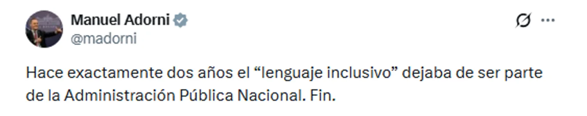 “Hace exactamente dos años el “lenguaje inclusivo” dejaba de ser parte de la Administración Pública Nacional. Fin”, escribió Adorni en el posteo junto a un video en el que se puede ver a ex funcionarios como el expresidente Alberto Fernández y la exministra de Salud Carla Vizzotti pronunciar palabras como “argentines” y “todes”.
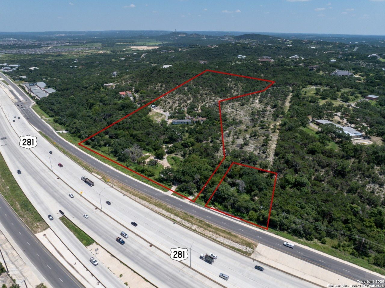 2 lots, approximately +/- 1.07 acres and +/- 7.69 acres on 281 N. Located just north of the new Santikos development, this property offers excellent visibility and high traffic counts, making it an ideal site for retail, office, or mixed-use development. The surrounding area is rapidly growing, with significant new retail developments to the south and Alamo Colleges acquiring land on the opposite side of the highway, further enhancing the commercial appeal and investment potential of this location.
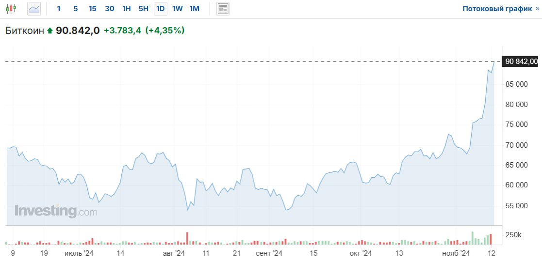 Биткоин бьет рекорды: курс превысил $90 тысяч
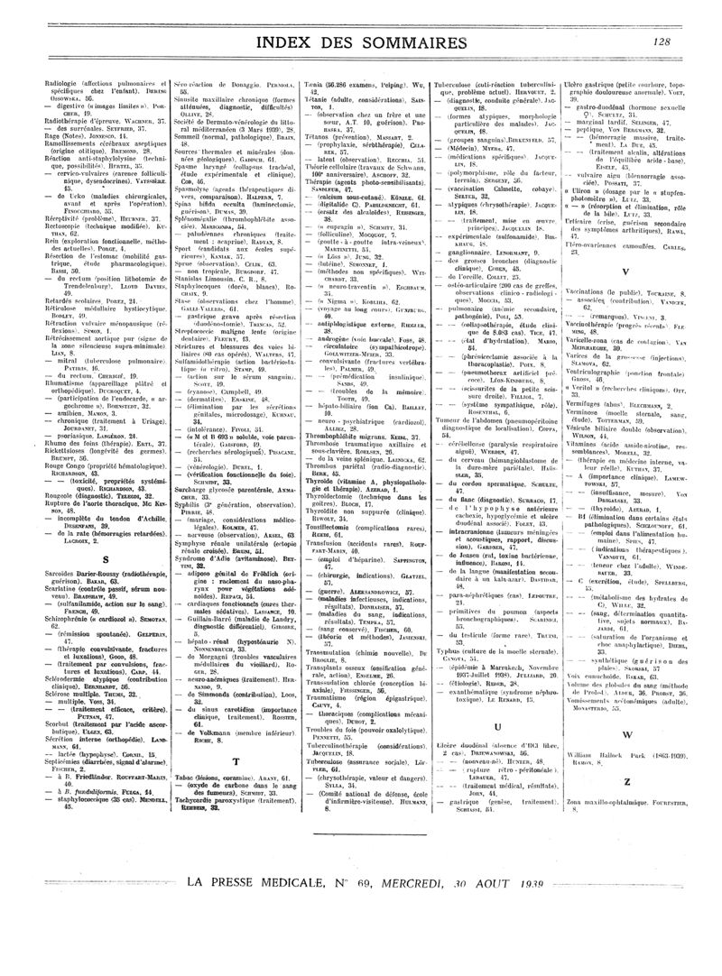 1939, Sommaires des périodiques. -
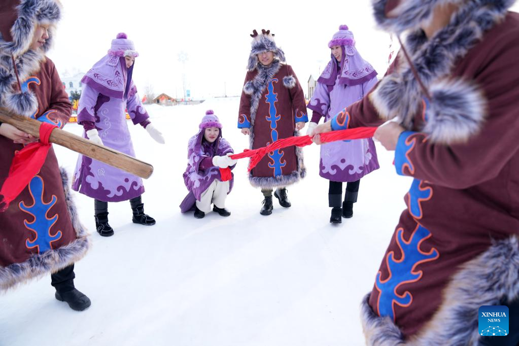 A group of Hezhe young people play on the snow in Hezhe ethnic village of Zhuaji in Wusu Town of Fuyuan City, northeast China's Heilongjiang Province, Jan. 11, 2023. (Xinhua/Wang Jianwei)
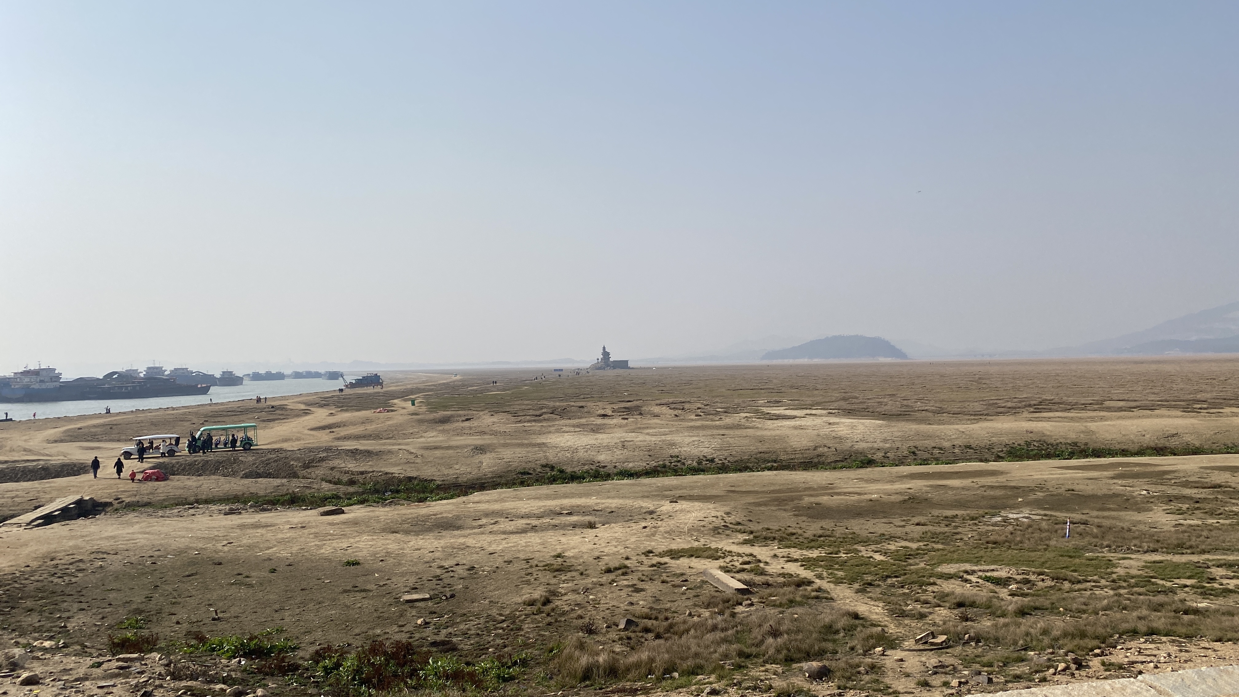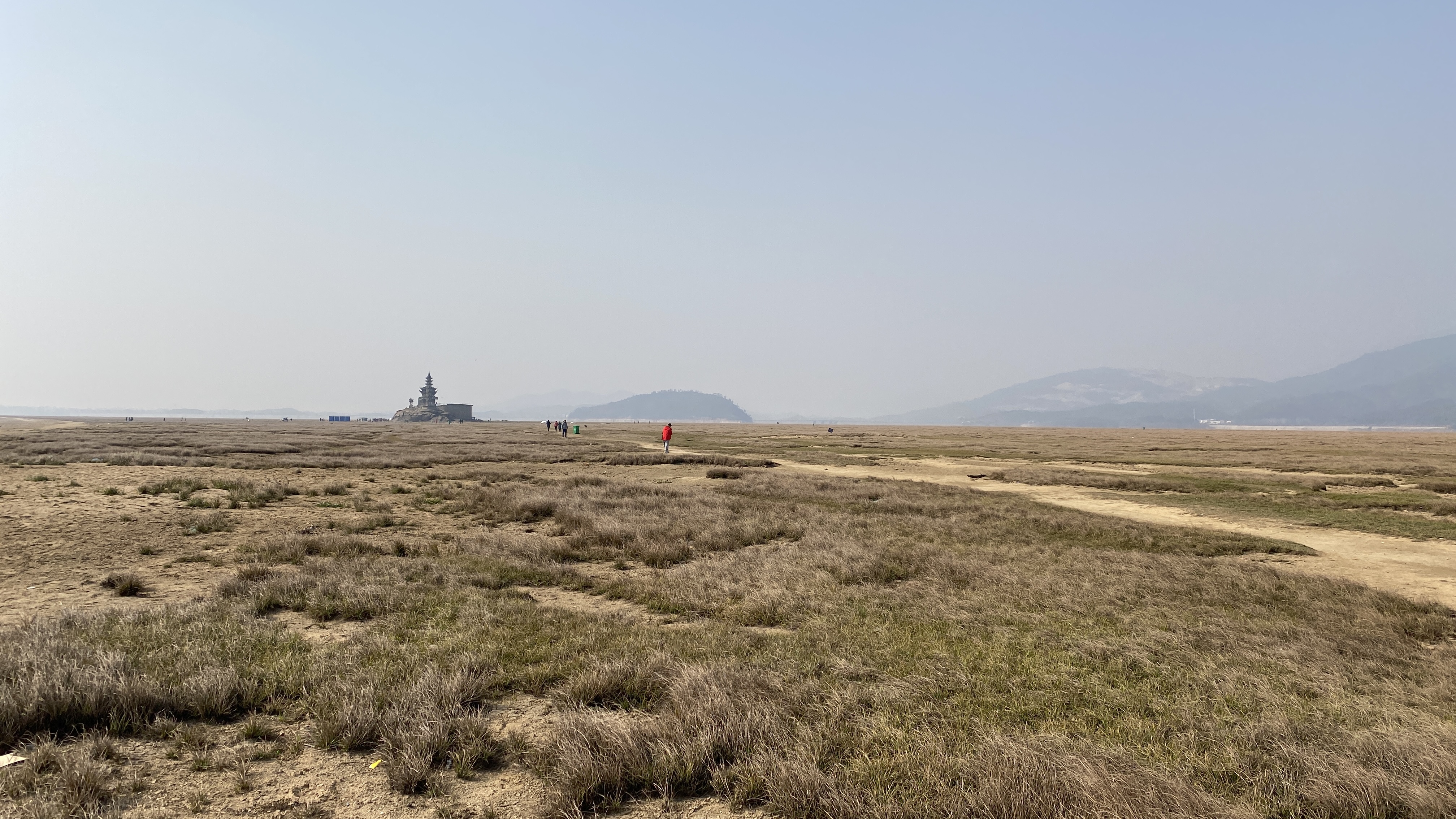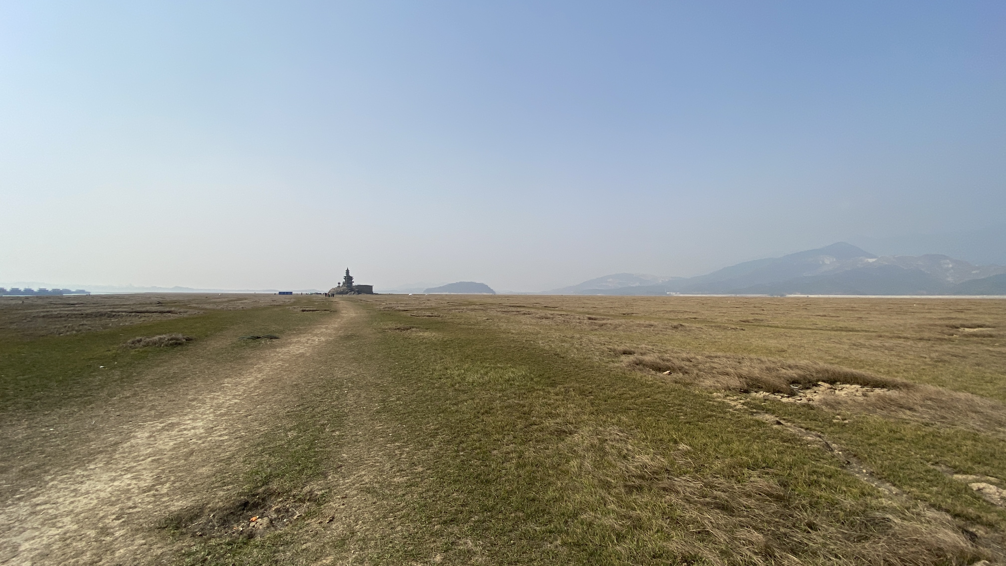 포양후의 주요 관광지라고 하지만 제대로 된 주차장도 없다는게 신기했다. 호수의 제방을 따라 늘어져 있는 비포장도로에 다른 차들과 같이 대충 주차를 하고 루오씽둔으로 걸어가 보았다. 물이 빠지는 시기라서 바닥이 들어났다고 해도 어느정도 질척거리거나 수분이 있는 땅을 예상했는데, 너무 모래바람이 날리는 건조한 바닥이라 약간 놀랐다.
--
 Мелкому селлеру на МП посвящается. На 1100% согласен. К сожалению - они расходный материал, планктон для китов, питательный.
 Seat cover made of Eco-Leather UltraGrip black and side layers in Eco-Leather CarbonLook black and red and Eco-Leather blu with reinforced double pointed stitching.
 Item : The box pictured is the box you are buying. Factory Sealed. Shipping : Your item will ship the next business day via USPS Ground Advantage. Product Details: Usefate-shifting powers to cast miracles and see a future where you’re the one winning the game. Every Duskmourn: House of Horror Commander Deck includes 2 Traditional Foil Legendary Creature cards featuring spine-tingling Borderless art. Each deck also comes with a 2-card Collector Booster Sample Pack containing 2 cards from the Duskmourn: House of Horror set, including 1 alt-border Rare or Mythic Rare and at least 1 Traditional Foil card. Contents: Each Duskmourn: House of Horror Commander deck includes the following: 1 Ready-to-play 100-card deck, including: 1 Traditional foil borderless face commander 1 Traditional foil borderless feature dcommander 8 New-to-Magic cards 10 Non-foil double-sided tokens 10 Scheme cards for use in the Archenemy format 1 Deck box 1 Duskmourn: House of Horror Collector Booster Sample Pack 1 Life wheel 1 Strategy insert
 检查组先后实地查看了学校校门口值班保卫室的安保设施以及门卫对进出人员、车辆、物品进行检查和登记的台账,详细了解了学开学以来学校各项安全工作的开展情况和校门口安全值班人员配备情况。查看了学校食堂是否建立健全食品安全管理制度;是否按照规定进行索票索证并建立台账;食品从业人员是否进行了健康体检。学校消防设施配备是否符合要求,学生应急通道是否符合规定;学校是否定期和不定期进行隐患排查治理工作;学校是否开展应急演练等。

Work to complete - Print an exact copy of the lines above, from the one containing "exactamente dos años" through the one containing "A group of Hezhe", and leave out the pictures.

Response area -
 “Hace exactamente dos años el “lenguaje inclusivo” dejaba de ser parte de la Administración Pública Nacional. Fin”, escribió Adorni en el posteo junto a un video en el que se puede ver a ex funcionarios como el expresidente Alberto Fernández y la exministra de Salud Carla Vizzotti pronunciar palabras como “argentines” y “todes”.
 2 lots, approximately +/- 1.07 acres and +/- 7.69 acres on 281 N. Located just north of the new Santikos development, this property offers excellent visibility and high traffic counts, making it an ideal site for retail, office, or mixed-use development. The surrounding area is rapidly growing, with significant new retail developments to the south and Alamo Colleges acquiring land on the opposite side of the highway, further enhancing the commercial appeal and investment potential of this location.
 Биткоин бьет рекорды: курс превысил $90 тысяч
 1939, Sommaires des périodiques. -
 A group of Hezhe young people play on the snow in Hezhe ethnic village of Zhuaji in Wusu Town of Fuyuan City, northeast China's Heilongjiang Province, Jan. 11, 2023. (Xinhua/Wang Jianwei)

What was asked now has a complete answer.